Excerpted records:
▼▼▼

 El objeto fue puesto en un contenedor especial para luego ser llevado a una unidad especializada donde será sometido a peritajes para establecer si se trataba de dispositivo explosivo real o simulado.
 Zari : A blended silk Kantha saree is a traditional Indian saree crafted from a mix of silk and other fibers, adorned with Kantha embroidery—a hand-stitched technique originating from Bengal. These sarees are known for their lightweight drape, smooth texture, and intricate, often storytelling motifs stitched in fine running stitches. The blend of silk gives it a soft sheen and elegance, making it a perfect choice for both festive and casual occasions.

▲▲▲
▼▼▼

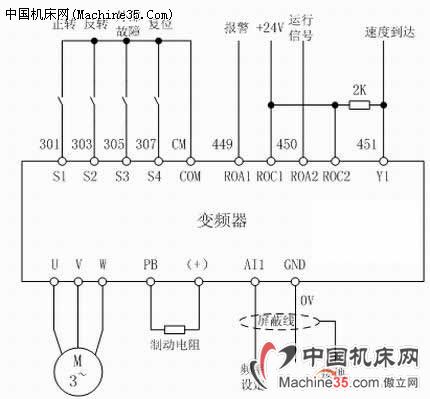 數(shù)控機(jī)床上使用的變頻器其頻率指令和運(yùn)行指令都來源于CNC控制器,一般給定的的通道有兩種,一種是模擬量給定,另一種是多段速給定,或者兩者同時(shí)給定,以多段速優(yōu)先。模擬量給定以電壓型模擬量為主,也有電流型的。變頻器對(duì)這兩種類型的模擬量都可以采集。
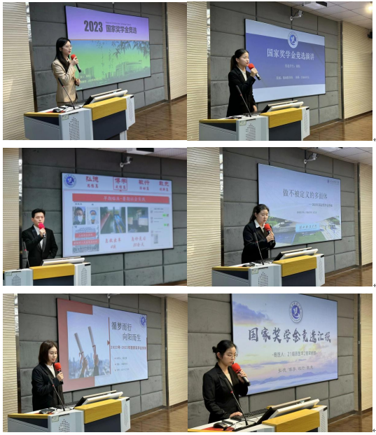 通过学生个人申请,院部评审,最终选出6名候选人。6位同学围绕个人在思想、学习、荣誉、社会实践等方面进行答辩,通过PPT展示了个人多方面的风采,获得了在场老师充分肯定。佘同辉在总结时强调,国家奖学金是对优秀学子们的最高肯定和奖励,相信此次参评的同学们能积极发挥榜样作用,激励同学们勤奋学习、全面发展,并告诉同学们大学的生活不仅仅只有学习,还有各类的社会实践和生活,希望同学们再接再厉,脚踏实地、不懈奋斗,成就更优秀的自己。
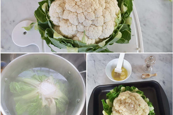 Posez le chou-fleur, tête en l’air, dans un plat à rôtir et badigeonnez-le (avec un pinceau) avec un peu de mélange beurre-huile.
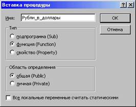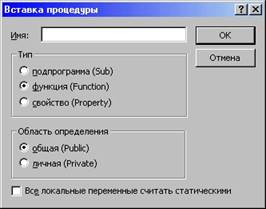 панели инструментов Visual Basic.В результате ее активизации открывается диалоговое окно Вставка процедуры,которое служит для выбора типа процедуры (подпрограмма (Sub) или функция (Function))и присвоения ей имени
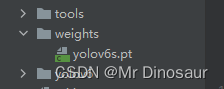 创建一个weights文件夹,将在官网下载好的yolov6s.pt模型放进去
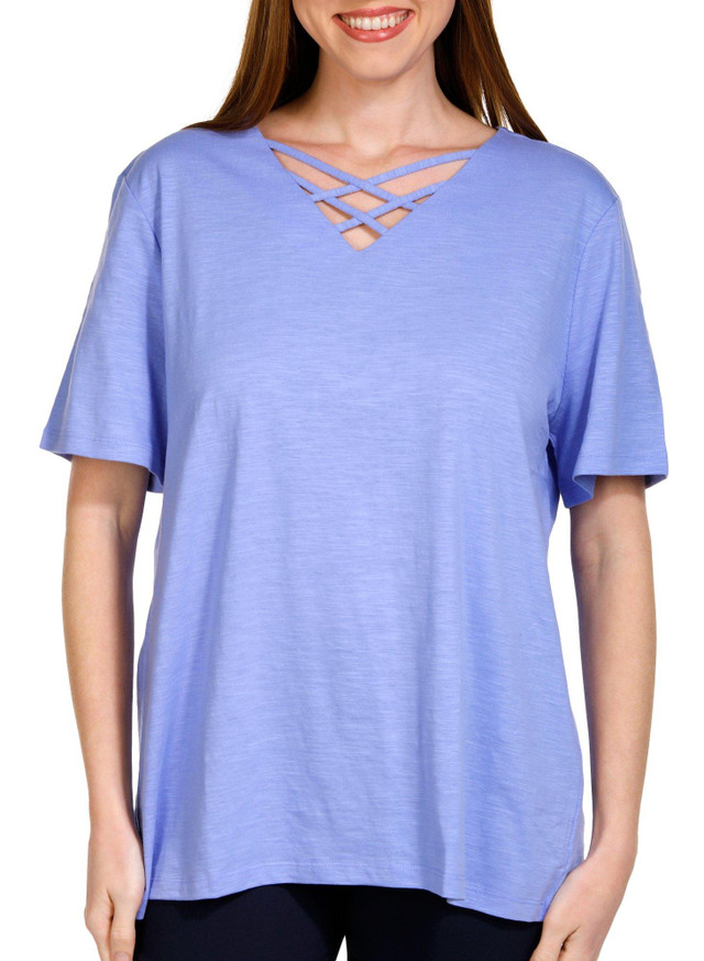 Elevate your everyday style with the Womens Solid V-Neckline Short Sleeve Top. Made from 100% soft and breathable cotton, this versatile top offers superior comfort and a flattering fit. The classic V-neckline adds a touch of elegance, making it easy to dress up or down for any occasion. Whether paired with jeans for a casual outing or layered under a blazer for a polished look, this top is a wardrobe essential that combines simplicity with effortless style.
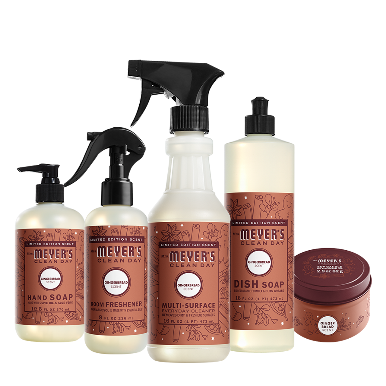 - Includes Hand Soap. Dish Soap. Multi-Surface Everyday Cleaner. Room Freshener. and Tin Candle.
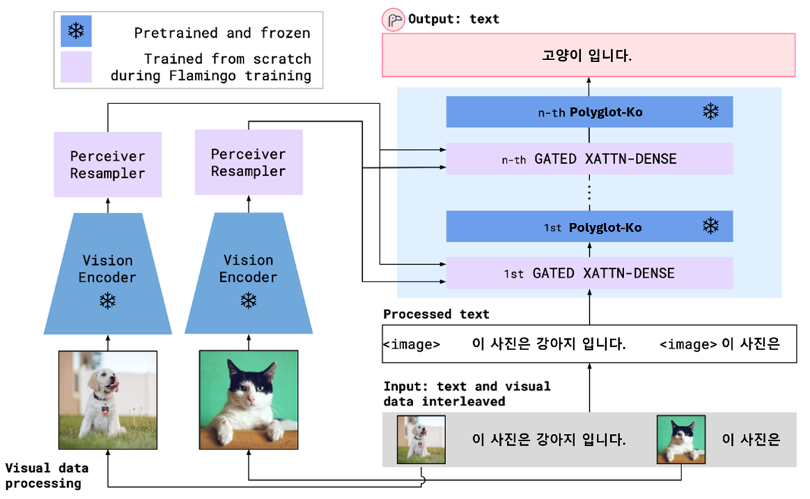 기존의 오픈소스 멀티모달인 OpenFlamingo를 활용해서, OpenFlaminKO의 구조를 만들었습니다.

▲▲▲
▼▼▼

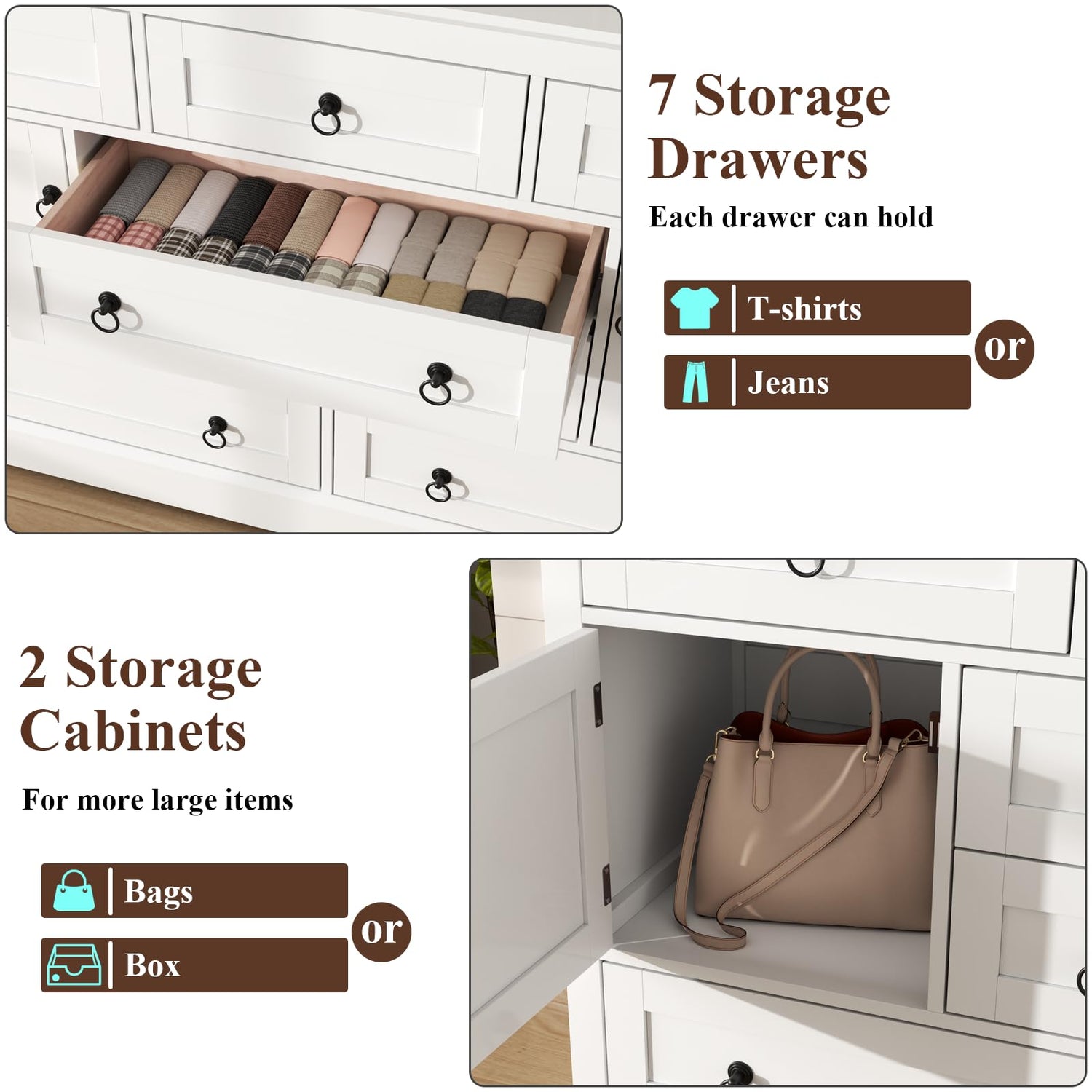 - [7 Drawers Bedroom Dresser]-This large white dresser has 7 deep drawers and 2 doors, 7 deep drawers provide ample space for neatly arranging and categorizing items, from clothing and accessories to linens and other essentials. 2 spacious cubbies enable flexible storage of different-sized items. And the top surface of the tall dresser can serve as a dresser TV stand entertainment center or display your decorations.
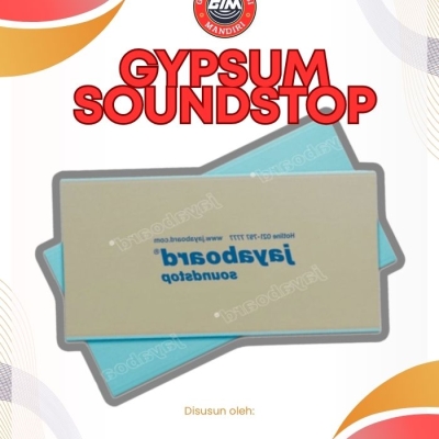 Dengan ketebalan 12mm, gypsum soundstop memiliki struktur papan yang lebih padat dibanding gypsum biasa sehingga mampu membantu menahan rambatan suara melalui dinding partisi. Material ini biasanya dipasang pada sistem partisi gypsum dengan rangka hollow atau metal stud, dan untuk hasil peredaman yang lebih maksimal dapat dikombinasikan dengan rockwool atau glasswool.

▲▲▲

About this task:
Go to the line with "El objeto fue" in the entries above and repeat every line from there through the line with "Zari : A blended", exactly and with no other text.

Task output:
 El objeto fue puesto en un contenedor especial para luego ser llevado a una unidad especializada donde será sometido a peritajes para establecer si se trataba de dispositivo explosivo real o simulado.
 Zari : A blended silk Kantha saree is a traditional Indian saree crafted from a mix of silk and other fibers, adorned with Kantha embroidery—a hand-stitched technique originating from Bengal. These sarees are known for their lightweight drape, smooth texture, and intricate, often storytelling motifs stitched in fine running stitches. The blend of silk gives it a soft sheen and elegance, making it a perfect choice for both festive and casual occasions.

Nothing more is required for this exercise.